Initial Setup: Adding Environment Secrets
Before testing the app, you'll need to set up some environment secrets within the Lazy Builder. These are necessary for the bot to interact with Google BigQuery and Slack. Here's what you need to do:
- Navigate to the Environment Secrets tab within the Lazy Builder.
- Add the following secrets with their respective values:
PROJECT_ID
: Your Google Cloud project ID.DATASET_ID
: The dataset ID in BigQuery where your table is located.TABLE_ID
: The table ID in BigQuery that you want to query.SLACK_BOT_TOKEN
: Your Slack bot token, which you can obtain from your Slack app settings.SLACK_SIGNING_SECRET
: Your Slack app's signing secret, also available in your Slack app settings.
- Ensure that you have the correct permissions and roles set up in Google Cloud to access BigQuery and perform queries.
Test: Pressing the Test Button
Once you have set up the environment secrets, press the "Test" button on the Lazy platform. This will begin the deployment of the app and launch the Lazy CLI. If the code requires any user input, you will be prompted to provide it through the Lazy CLI.
Entering Input
If the template requires user input, you will be prompted for it after pressing the "Test" button. Follow the instructions in the Lazy CLI to provide the necessary input.
Using the App
After the app is deployed, you can interact with the Slack bot by sending messages directly in Slack. The bot will respond to queries about the data or schema requests in a thread to the original message. If the bot generates a query, it will execute it on BigQuery and return the results in a formatted table.
Integrating the App
If you need to integrate this Slack bot with other tools or services, you may need to provide the Slack bot's server link, which will be printed by the Lazy builder CLI after deployment. For example, you might add this link to your Slack app's event subscriptions to receive messages from Slack.
Remember, this bot is designed to work within the Slack environment, so you'll need to ensure that your Slack workspace is set up to interact with the bot. This includes installing the bot to your workspace and inviting it to the channels where you want it to be active.

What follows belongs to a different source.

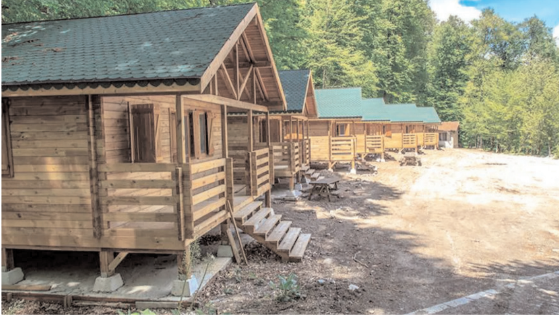
Bungalov ve bağ evi için artık kurul izni gerekecek.

Tarım arazilerinde izin verilecek yapılar yeniden düzenlendi.
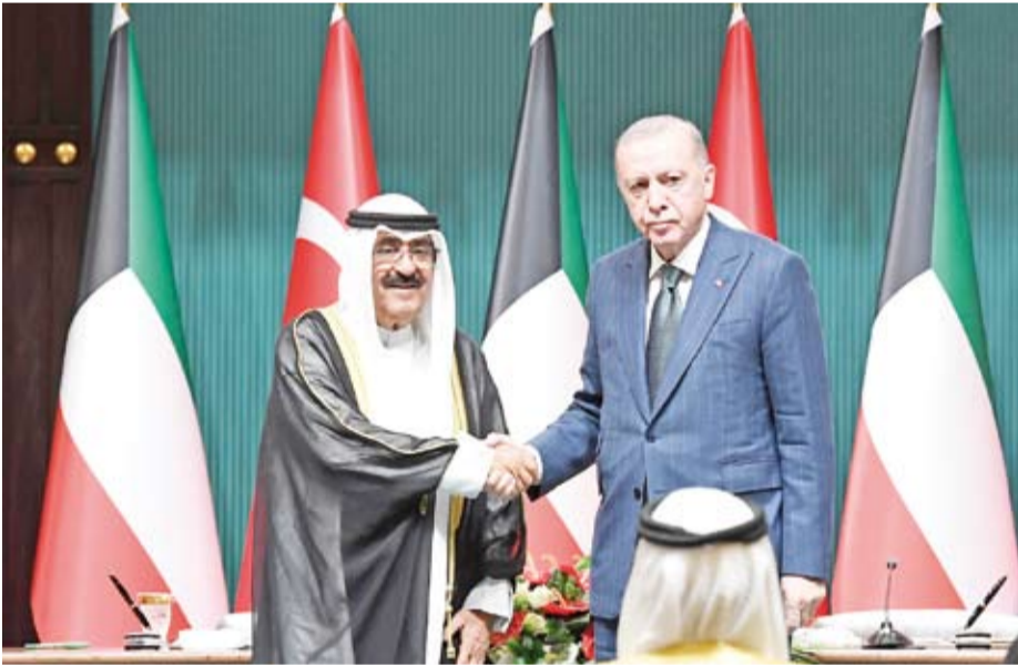
سمو أمير البلاد يشهد توقيع عدد من الاتفاقيات بحضور الرئيس التركي

That's it! You're now ready to use the AI Query Generator Slack Bot for BigQuery. If you encounter any issues or have questions, refer to the documentation links provided in the code or reach out to Lazy's customer support for assistance.
Template Benefits
-
Data Democratization: This Slack bot empowers non-technical team members to access and analyze BigQuery data without requiring SQL expertise, promoting data-driven decision making across the organization.
-
Increased Productivity: By automating the query generation process, the bot significantly reduces the time and effort required to extract insights from complex datasets, allowing employees to focus on interpreting results rather than writing queries.
-
Improved Data Accessibility: The integration with Slack makes data querying seamless within existing communication channels, eliminating the need for separate tools and increasing the likelihood of data utilization in day-to-day operations.
-
Enhanced Data Governance: By centralizing data access through a controlled bot interface, organizations can better manage data access permissions and maintain an audit trail of queries, ensuring compliance with data protection regulations.
-
Scalable Business Intelligence: The AI-powered query generation allows for more complex and nuanced data analysis, enabling businesses to uncover deeper insights and patterns that might be missed with traditional BI tools or basic SQL queries.